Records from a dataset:
-- Opening Marker --

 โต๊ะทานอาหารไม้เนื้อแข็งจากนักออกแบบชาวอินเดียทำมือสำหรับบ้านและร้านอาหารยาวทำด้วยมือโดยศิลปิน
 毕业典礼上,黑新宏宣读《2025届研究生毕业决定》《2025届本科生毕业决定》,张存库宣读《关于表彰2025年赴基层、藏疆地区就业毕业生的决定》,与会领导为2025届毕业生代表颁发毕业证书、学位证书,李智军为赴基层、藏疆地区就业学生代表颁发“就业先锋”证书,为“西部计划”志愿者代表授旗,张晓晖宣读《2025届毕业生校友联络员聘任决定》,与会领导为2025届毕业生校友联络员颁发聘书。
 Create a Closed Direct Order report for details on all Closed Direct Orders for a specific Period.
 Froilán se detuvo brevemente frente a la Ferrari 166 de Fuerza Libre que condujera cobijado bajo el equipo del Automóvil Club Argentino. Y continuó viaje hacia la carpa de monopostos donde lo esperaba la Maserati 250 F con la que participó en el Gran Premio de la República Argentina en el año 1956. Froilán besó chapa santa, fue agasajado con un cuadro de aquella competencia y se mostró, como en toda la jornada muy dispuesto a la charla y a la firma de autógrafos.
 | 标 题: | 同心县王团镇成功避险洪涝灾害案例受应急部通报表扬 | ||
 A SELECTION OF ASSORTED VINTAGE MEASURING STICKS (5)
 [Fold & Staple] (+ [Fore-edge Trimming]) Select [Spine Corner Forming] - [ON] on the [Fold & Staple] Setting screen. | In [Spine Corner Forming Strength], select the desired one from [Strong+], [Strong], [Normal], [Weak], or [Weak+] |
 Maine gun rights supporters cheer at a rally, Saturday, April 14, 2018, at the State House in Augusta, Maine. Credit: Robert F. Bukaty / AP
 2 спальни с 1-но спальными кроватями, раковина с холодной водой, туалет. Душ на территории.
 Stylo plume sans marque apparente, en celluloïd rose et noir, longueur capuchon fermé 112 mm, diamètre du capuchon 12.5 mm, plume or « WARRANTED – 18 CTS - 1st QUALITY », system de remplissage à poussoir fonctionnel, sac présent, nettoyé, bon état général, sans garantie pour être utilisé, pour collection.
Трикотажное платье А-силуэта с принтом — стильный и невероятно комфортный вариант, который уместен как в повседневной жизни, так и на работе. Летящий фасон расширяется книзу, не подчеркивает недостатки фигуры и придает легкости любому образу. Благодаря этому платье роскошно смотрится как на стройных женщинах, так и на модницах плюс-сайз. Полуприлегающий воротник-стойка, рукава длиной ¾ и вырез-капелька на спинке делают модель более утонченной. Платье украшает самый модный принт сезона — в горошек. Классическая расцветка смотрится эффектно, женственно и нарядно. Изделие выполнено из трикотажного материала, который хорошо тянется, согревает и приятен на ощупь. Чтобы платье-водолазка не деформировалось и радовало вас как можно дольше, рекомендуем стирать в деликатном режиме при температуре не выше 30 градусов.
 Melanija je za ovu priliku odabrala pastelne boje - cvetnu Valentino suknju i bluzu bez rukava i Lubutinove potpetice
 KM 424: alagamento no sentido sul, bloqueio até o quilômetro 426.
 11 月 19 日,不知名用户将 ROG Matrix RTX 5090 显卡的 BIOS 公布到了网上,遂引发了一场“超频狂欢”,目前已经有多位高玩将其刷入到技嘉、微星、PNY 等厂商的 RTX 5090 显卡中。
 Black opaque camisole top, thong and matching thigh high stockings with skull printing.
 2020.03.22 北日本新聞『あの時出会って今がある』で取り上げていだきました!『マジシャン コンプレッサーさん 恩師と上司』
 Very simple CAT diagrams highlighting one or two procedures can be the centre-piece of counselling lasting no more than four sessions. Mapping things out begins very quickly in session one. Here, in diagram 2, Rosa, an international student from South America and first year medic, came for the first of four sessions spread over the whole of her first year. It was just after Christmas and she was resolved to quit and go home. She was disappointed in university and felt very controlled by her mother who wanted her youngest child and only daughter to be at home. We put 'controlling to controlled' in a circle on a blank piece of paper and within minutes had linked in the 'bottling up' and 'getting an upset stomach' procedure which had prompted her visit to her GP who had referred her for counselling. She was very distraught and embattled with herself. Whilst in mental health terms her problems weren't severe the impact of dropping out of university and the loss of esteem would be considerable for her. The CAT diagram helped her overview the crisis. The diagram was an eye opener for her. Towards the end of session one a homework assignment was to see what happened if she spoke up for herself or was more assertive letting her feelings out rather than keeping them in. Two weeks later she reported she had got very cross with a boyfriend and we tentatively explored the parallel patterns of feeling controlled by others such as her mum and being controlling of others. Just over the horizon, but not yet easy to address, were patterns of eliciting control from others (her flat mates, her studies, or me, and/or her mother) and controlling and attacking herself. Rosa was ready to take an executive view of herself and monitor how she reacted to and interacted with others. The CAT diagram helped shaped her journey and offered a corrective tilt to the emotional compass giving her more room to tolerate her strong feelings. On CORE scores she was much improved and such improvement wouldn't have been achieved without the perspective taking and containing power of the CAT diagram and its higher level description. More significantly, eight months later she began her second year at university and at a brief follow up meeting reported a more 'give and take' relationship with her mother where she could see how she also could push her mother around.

-- Closing Marker --

:: Your instructions ::
A word-for-word copy of the lines above from the one with "Melanija je za" through the one with "2020.03.22 北日本新聞『あの時出会って今がある』で取り上げていだきました!『マジシャン コンプレッサーさん", inclusive, is the only output wanted.

:: Exercise solution ::
 Melanija je za ovu priliku odabrala pastelne boje - cvetnu Valentino suknju i bluzu bez rukava i Lubutinove potpetice
 KM 424: alagamento no sentido sul, bloqueio até o quilômetro 426.
 11 月 19 日,不知名用户将 ROG Matrix RTX 5090 显卡的 BIOS 公布到了网上,遂引发了一场“超频狂欢”,目前已经有多位高玩将其刷入到技嘉、微星、PNY 等厂商的 RTX 5090 显卡中。
 Black opaque camisole top, thong and matching thigh high stockings with skull printing.
 2020.03.22 北日本新聞『あの時出会って今がある』で取り上げていだきました!『マジシャン コンプレッサーさん 恩師と上司』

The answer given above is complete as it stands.